In providing this “reasonable expectations” fifth down to Fall, the court focused on whether the bar had notice of the A&B exclusion – although it did not address that the bar seemingly had notice of it because it was contained in the policy. In addition, is an Assault & Battery exclusion, when it was very likely contained in the general liability policy by way of endorsement, so-called “boilerplate.”

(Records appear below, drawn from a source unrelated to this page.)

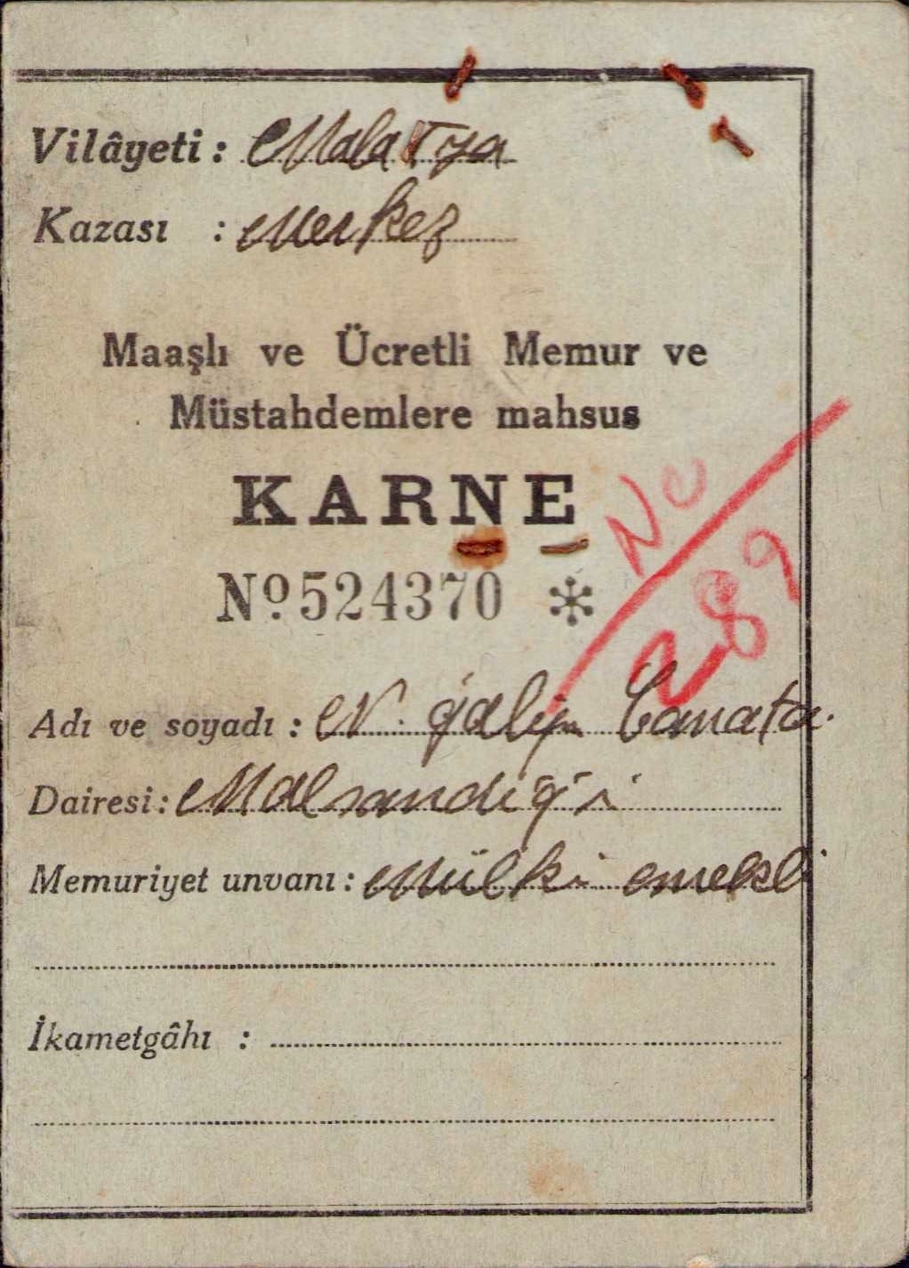 Bursa İpek Böcekçiliği Mektebi müdür muavini, Nusret Galip, Maaşlı ve Ücretli Memur ve Müstahdemlere mahsus Karne, 8x12 cm
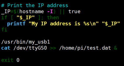 결과적으로 다음과 같이 /etc/rc.local 파일을 수정하면 된다. 기본적으로 cat과 >> 를 이용하여 파일의 뒤쪽에 쭉 이어 붙여 데이터를 쓸 수 있도록 한다.
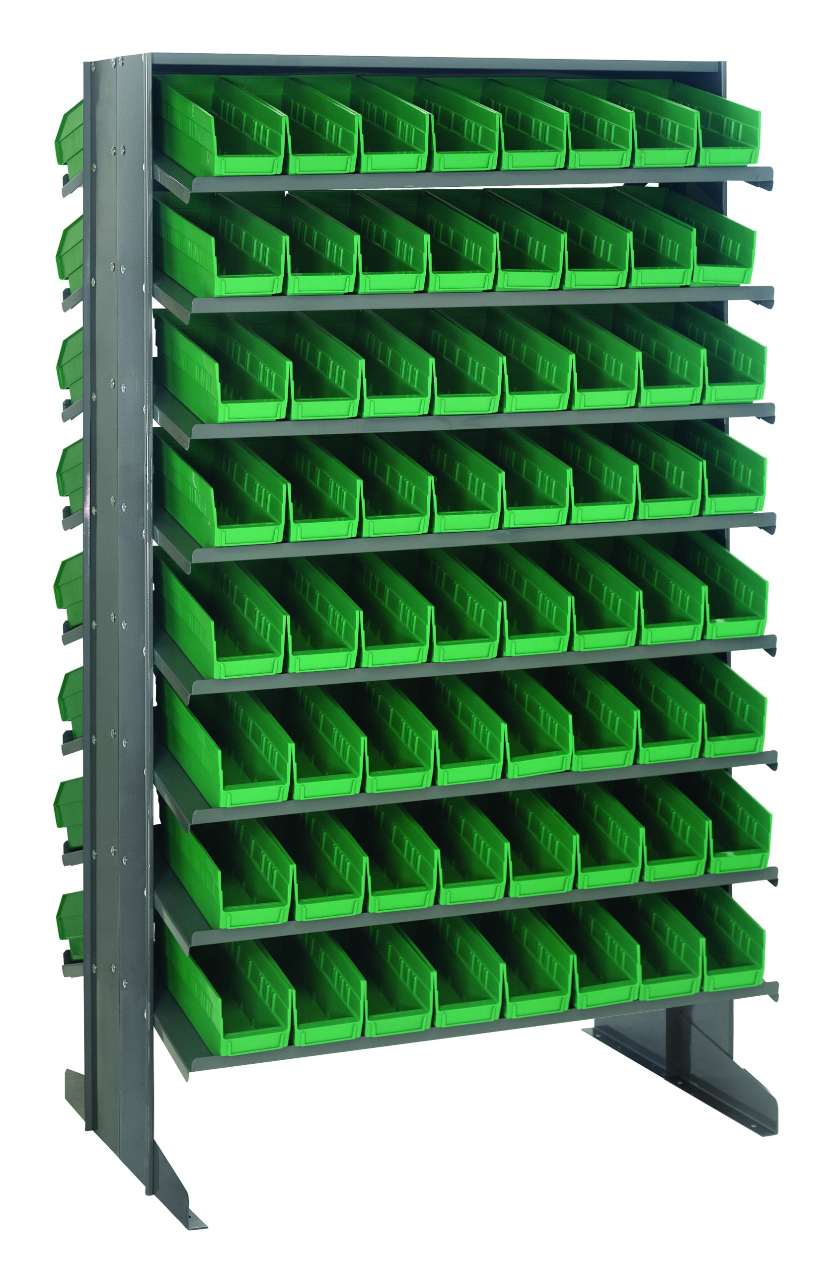 Pick Rack, slopped, double sided, 24″L x 36″W x 60″H, 800 lbs. capacity, (16) shelves configuration, includes: (128) QSB101 green bins
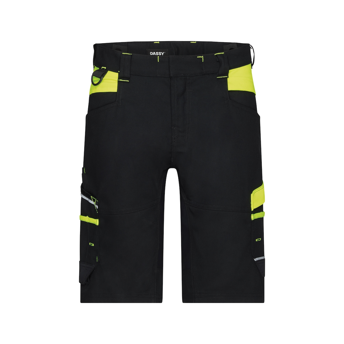 DASSY® Manilla Women Damen-Arbeitsshorts, Logix, Adjusted Fit, Smart Flex PESCO 41, Cordura®, OEKO-TEX®, Art. 250110 schwarz/neongelb 46
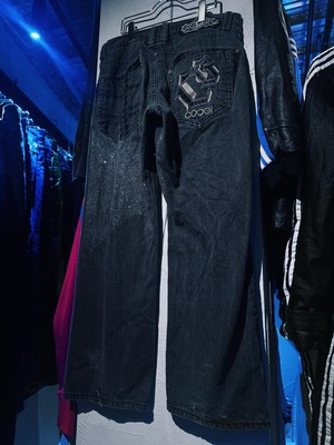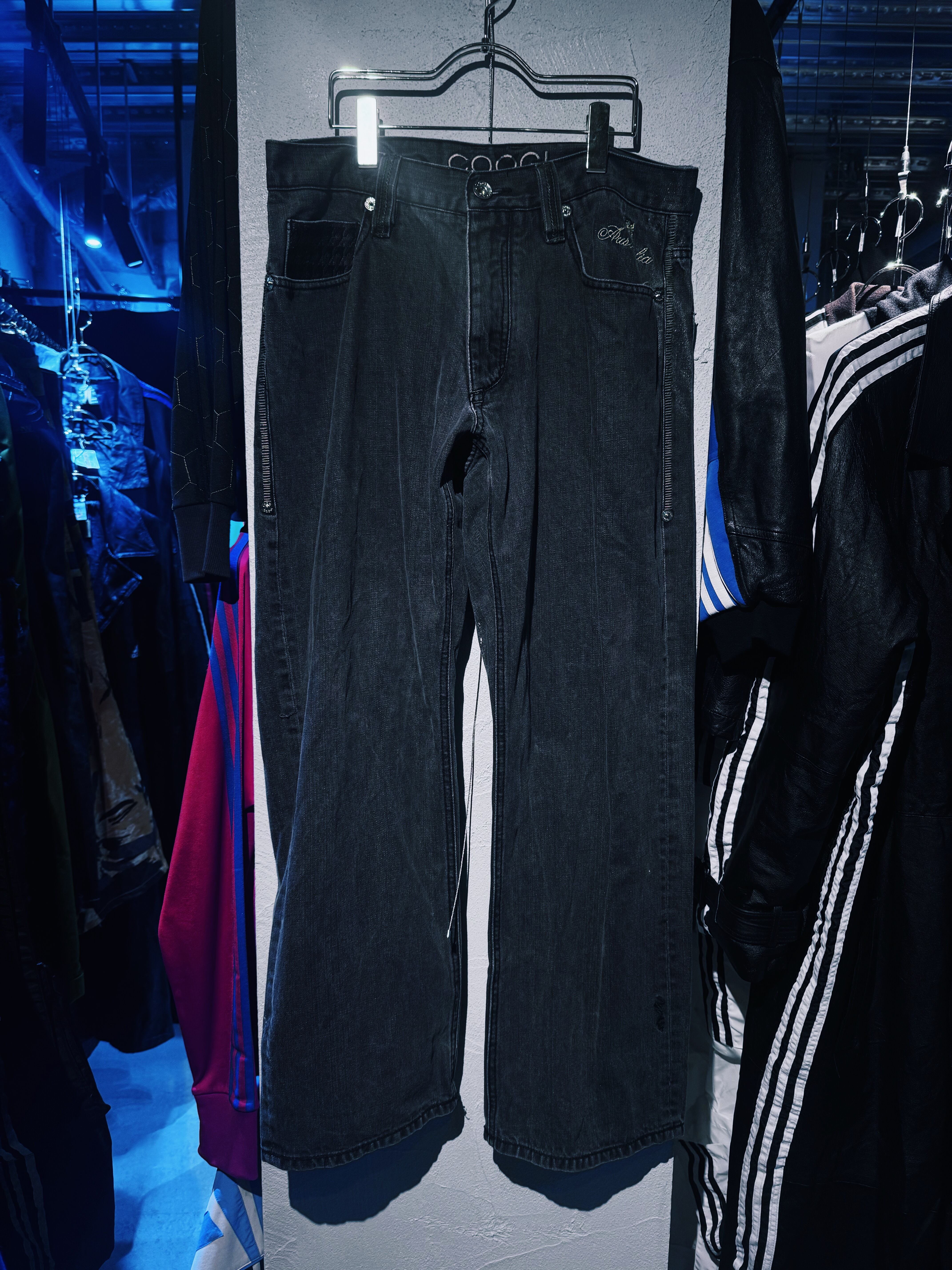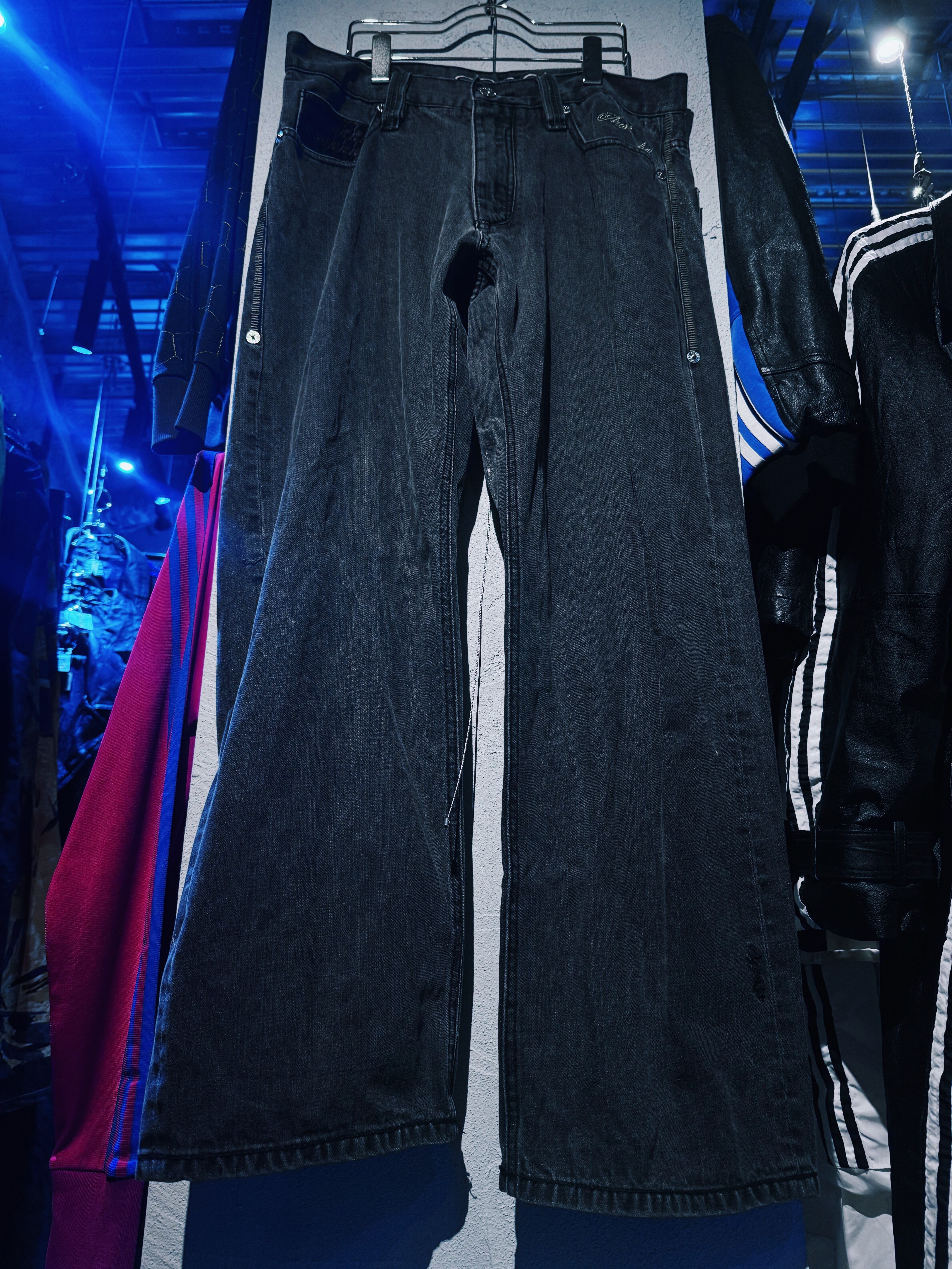 フェード感のあるヴィンテージの風合いを感じるデニムに、全体を走るギラギラと輝く素晴らしい刺繍を施した圧巻の一枚。
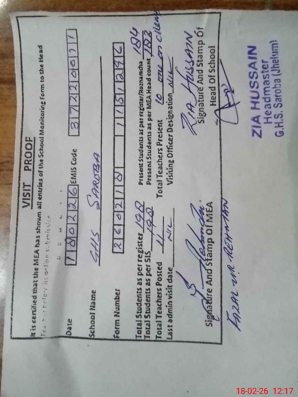 | Attendance Register | Head Teacher | MEA with School | Visit Proof |
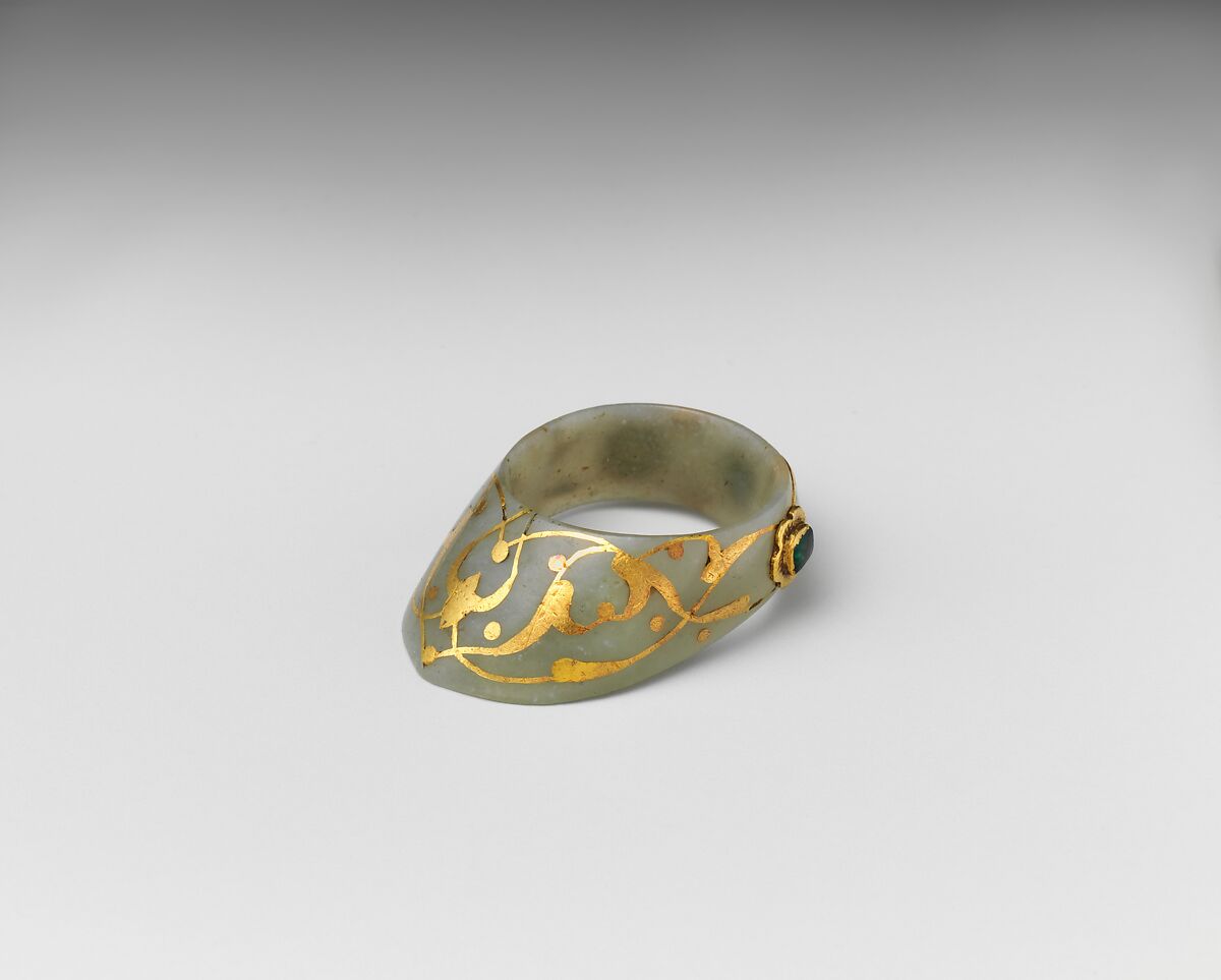 A thumb ring provided the archer with a firmer grip of the bowstring. As archery was considered a noble sporting exercise, thumb rings, often carried ostentatiously on strings hung from the belt, were worn as symbols of elevated social status. This example, fashioned in pale green nephrite jade set with gemstones in gold foliate mounts, is typically Ottoman. Similar rings are associated with Sultan Süleyman the Magnificent (r. 1520–66) and his immediate successors.
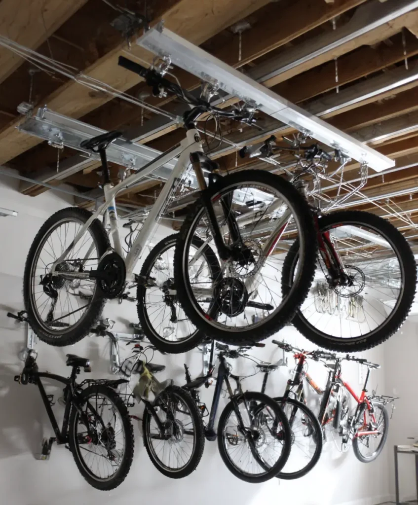 For cyclists, a ceiling-mounted pulley keeps bikes out of the way but accessible.
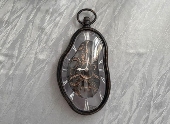 Ich verkaufe diese einzigartige und seltene Wanduhr von Kare Design, inspiriert von Salvador Dalís Kunstwerk Die Beständigkeit der Erinnerung. Diese schmelzende Uhr ist ein echter Hingucker für Kunstliebhaber und Fans außergewöhnlicher Designs.

Putting all this aside, the court explained why summary judgment was not appropriate:

“This case presents a material issue of fact as to whether Gin-Cor had a reasonable expectation that it would be covered for the underlying event. Gin-Cor’s manager, Les Corieri, states in an affidavit that he has owned and operated ‘approximately forty to fifty’ nightclubs in his career. Corieri avers that ‘I have always insisted that the liability insurance for nightclubs I own cover claims and related circumstances like those alleged in [the underlying action].’ He states that Gin-Cor had no prior notice of the assault and battery exclusion, and, had it been notified, it ‘would have insisted on obtaining this coverage from [First Mercury] or from another carrier.’ Corieri adds that ‘[i]t has been my experience that . . . situations involving unruly and/or disorderly guests and patrons involved in physical altercations [] are a known risk of operating a nightclub, and therefore I would have required the liability insurer covering my nightclubs to provide coverage for these types of claims.’ This affidavit creates a question of fact as to whether Gin-Cor had notice of the assault and battery exclusion, an exclusion that, in this case, eliminated coverage that Corieri avows he expected to have. If it is true that Gin-Cor did not have notice of the exclusion, then First Mercury may have had reason to know that Gin-Cor did not agree to the exclusion. This evidence is sufficient to create an issue of fact that precludes summary judgment.”

Looking at the decision through a national lens, I think it is an anomaly and does not reflect proper application of the reasonable expectations doctrine. But, nonetheless, the reasoning could preclude some bars -- at least initially -- from being dumped on the sidewalk when seeking coverage for an altercation claim in the face of an A&B exclusion.